Ma che non suonava il basso…
«Si, ma probabilmente queste componenti erano ancora più importanti di sapere suonare uno strumento specifico».
Ad ogni modo hai saputo far fruttare bene quell’occasione…
«Io credo che nella vita devi avere le valige sempre pronte se vuoi sperare di partire quando arriva il treno, ed io ero pronto e ce l’ho fatta dove altri non sono riusciti».
Ma la storia del provino in una lavanderia per provare l’acustica è vera?
«Certo che è vera, ho una foto a casa, che ho incorniciato e che ha immortalato quel momento…(ride) c’erano tanti rotoli di carta e Stefano D’Orazio l’aveva soprannominato il paradiso del culo!
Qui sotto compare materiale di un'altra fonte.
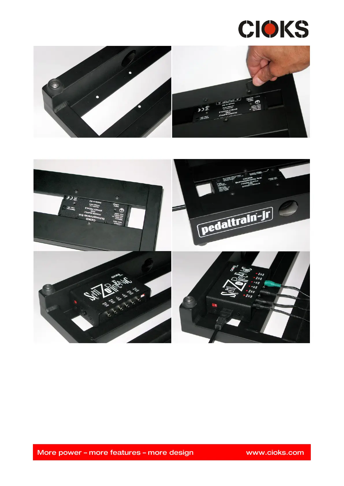 CIOKS LINK range power supplies underneath or on top of a Pedaltrain board.

Quella camera aveva un’acustica pazzesca ed è li che abbiamo provato con i Pooh».
Oggi hai una spazio eletto dove ti piace comporre musica, con l’acustica perfetta?
«Ho uno studio a casa dove lavoro, faccio provini e curo l’arrangiamento delle canzoni, ma molto spesso mi ritrovo a scrivere canticchiando le melodie nell’iphone».
L’ispirazione dei tuoi brani è quindi peregrina…
«In realtà è come se non fossi io a scrivere le canzoni ma sono loro che mi vengono a cercare quando hanno bisogno di nascere; diversamente non riuscirei a spiegarmi come mai un attimo prima sto sorseggiando un caffè ed un attimo dopo sto canticchiando la melodia di un brano che diventa un successo internazionale. Non penso di aver nessun merito, sono solo una penna che capta queste atmosfere che girano nell’aria; possono venire da me come andare da qualcun’altro…».
Da qualche anno hai intrapreso la carriera solista, dopo lo scioglimento del gruppo…ma cosa ti manca dei Pooh?
«Di certo non mi manca la musica, l’altra sera ho tenuto un concerto all’Ambasciata Italiana di Vienna piano e voce…un’atmosfera unica. Mi piace anche proiettare le foto durante i miei concerti, dopo tanti anni di gruppo mi piace raccontare la mia storia. L’affetto degli amici poi non mi manca; mezzora fa con Stefano e Dodi abbiamo parlato al telefono, ci sentiamo spesso, siamo tutti una famiglia. Ci tengo a dire che non abbiamo litigato, abbiamo solo fatto una scelta ed ognuno di noi adesso interpreta la vita in base alle proprie esigenze e passioni. Per esempio il progetto del vino non sarebbe stato possibile nel periodo dei Pooh per mancanza di tempo o perché avrei dovuto condividere col gruppo la scelta…Adesso dopo cinquant’anni sono libero e questo ha un valore immenso».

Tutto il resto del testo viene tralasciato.